Der nächste Schritt ist für mich einen passenden Tätigkeitsbereich zu finden. Da ich noch keine eigene Wohnung hier in der Stadt habe, bin ich offen für Vieles innerhalb von Europa. Momentan ist unklar, wohin es mich treiben wird. Entscheidungen haben unsere Wirtschaft destabilisiert. Es werden sich viele Menschen umorientieren müssen. Trotz dieser Situation bin ich überzeugt: Das passende und ich – wir werden uns finden.

Um psychisch und physisch gesund zu bleiben bin ich viel in der Natur. Der Englische Garten, die Isar und der Olympiapark sind meine Auftankstellen in der Stadt. Da entdecke ich immer wieder neue Ecken und ruhige Stellen, die zum Verweilen einladen. Häufig bin ich auf Schusters Rappen unterwegs und zurzeit nur gelegentlich mit dem Fahrrad.

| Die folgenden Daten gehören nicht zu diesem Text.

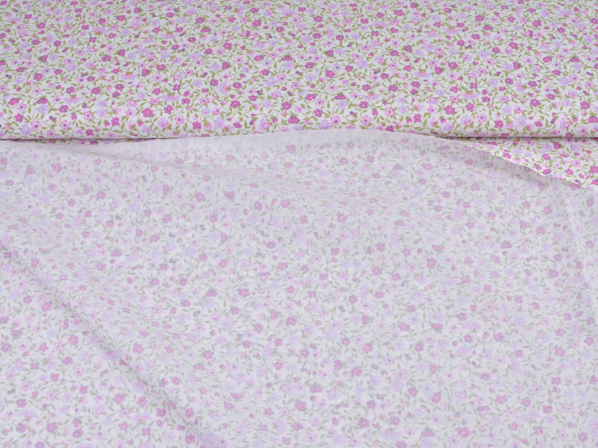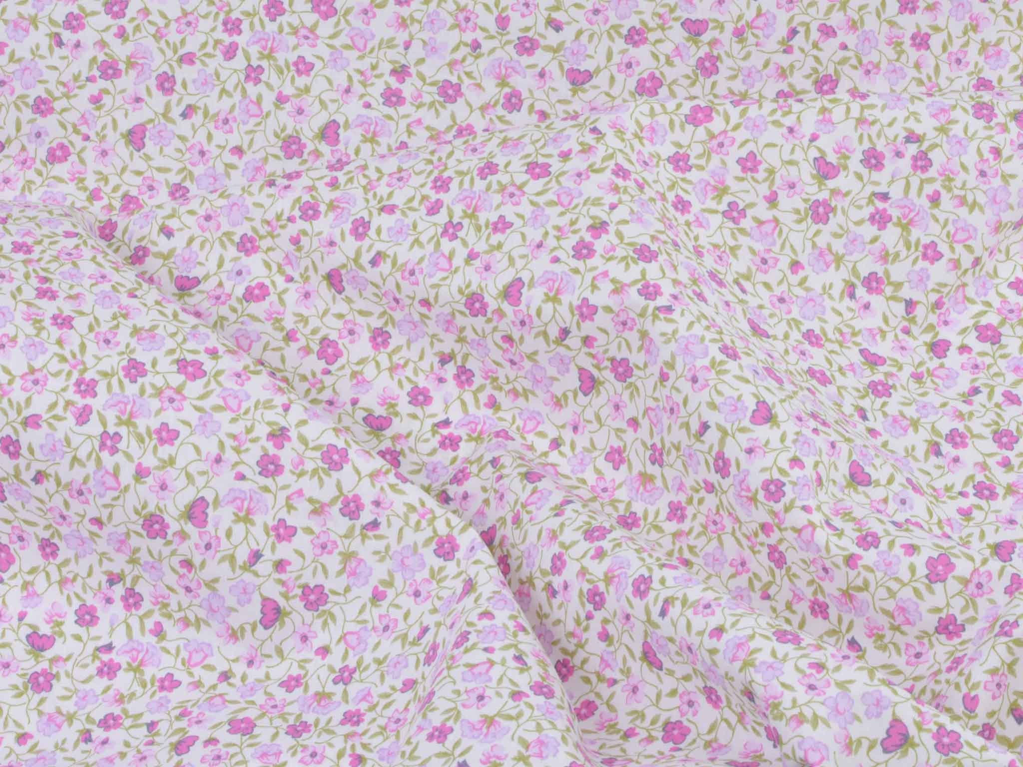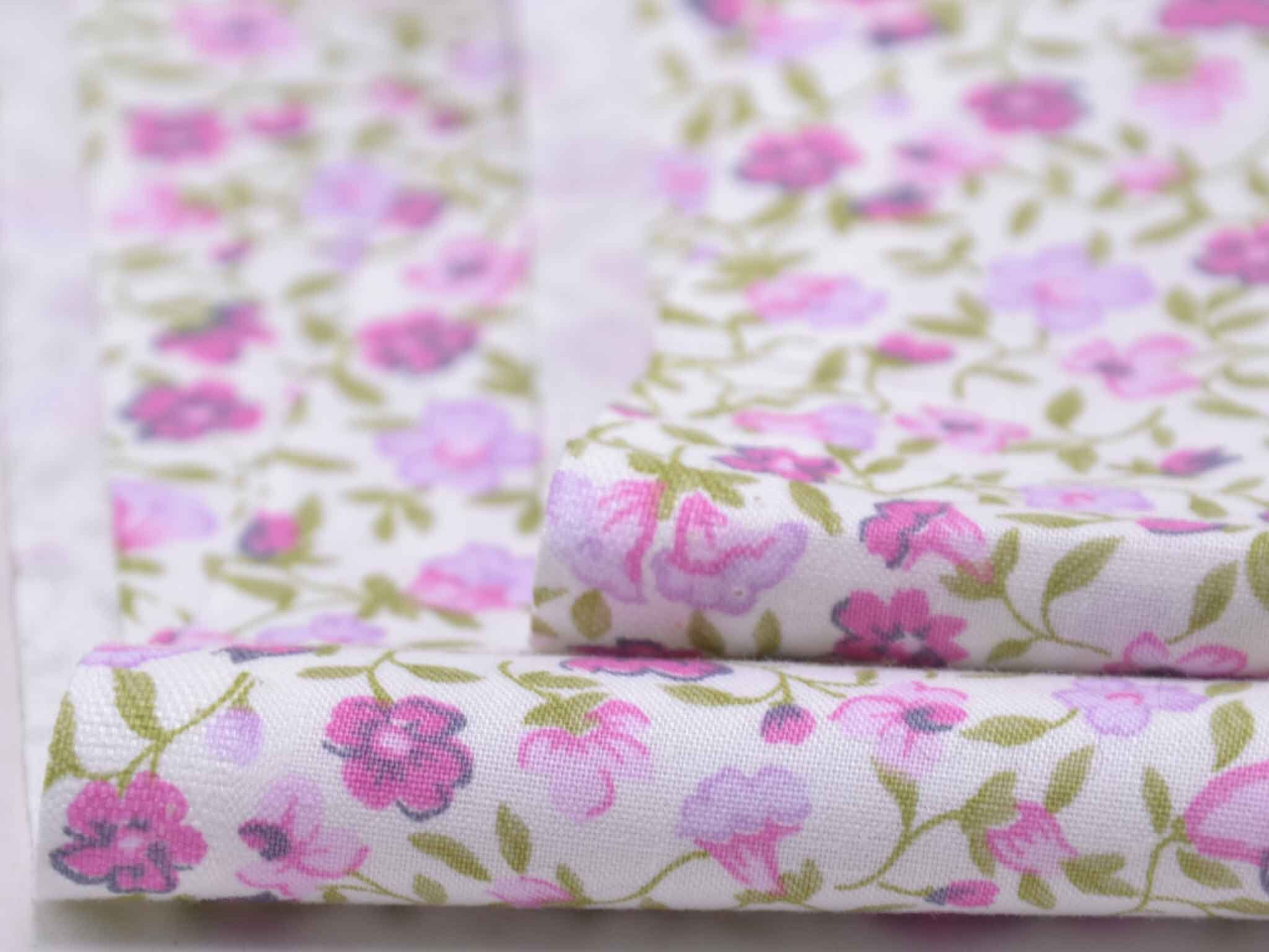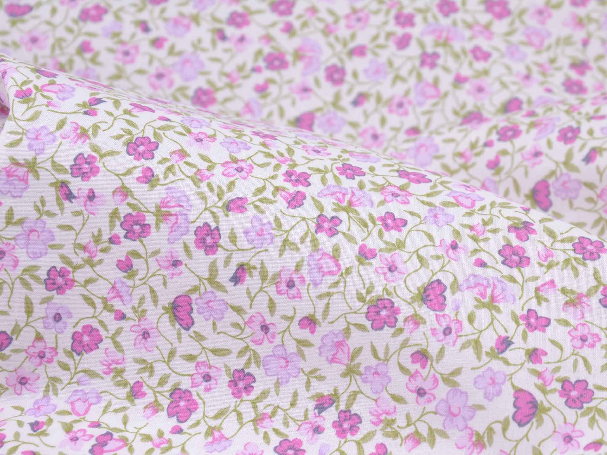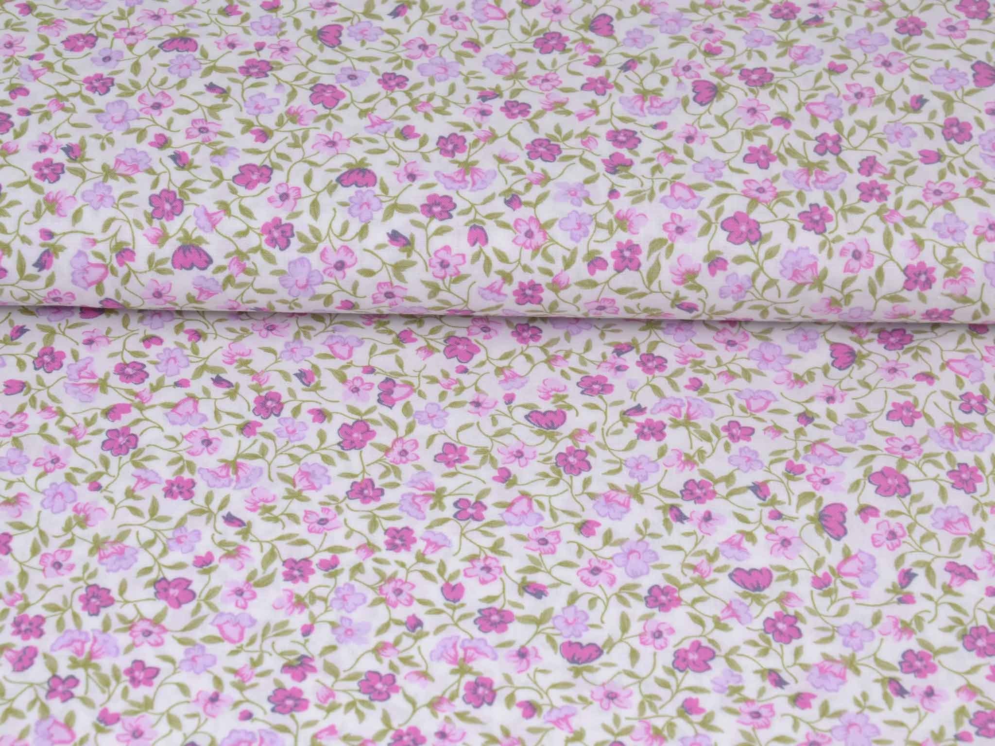 Sehr hochwertiger Webstoff aus Baumwolle von Westfalenstoffe. Der Druckstoff ist weiß mit kleinen rosa und lila Blümchen. Er ist glatt und matt. Nähe daraus Blusen, Kleider, Röcke, Kissen, Taschen und vieles mehr. Der Stoff ist made in Germany.

Meine Laufschuhe habe ich entstaubt und versuche für Langstrecke zu trainieren. Doch das wird noch dauern bis ich das gesetzte Ziel erreiche. Ja, ich bin in Bewegung. Wenn es sich ergibt und das Wetter mitspielt, atme ich die frische und klare Luft in den Bergen.

Genießt euer Leben und freut euch an dem was euch Freude bereitet 🙂

©by UMW

Eine Freude

Es ist eine Freude die Natur in ihrer bunten Pracht zu genießen. Selbst hier in der Stadt ist der Herbst eine Wonne. Die Bäume geben sich noch einmal Mühe und leuchten in warmen Gelbtönen bis hin zu feurigem Rot. Es ist eine Freude raschelnd durch das Laub zu laufen, gleich den Kindern alles Bedrückende auf der Seite zu lassen und sich nur am Moment zu freuen.

Schon der Blick aus dem Fenster lockt nach draußen, zwingt einen die Arbeit liegen zu lassen um in die Freiheit zu fliehen. Noch einmal, zweimal die Sonne zu tanken und sich an allem zu erfreuen. Bevor die Natur stirbt und kahl wird für den Winter.

Soweit will ich noch gar nicht denken. Ich will mich erfreuen an dem Moment – im Hier und Jetzt.

©by UMW

Das Leben ist schön!

Bei diesem Satz sehe ich wieder viele Zweifler mit ihrem „aber“. Dazu fällt mir gerade nur ein: Vergesst dieses Zweifeln. Nehmt es, wie es kommt.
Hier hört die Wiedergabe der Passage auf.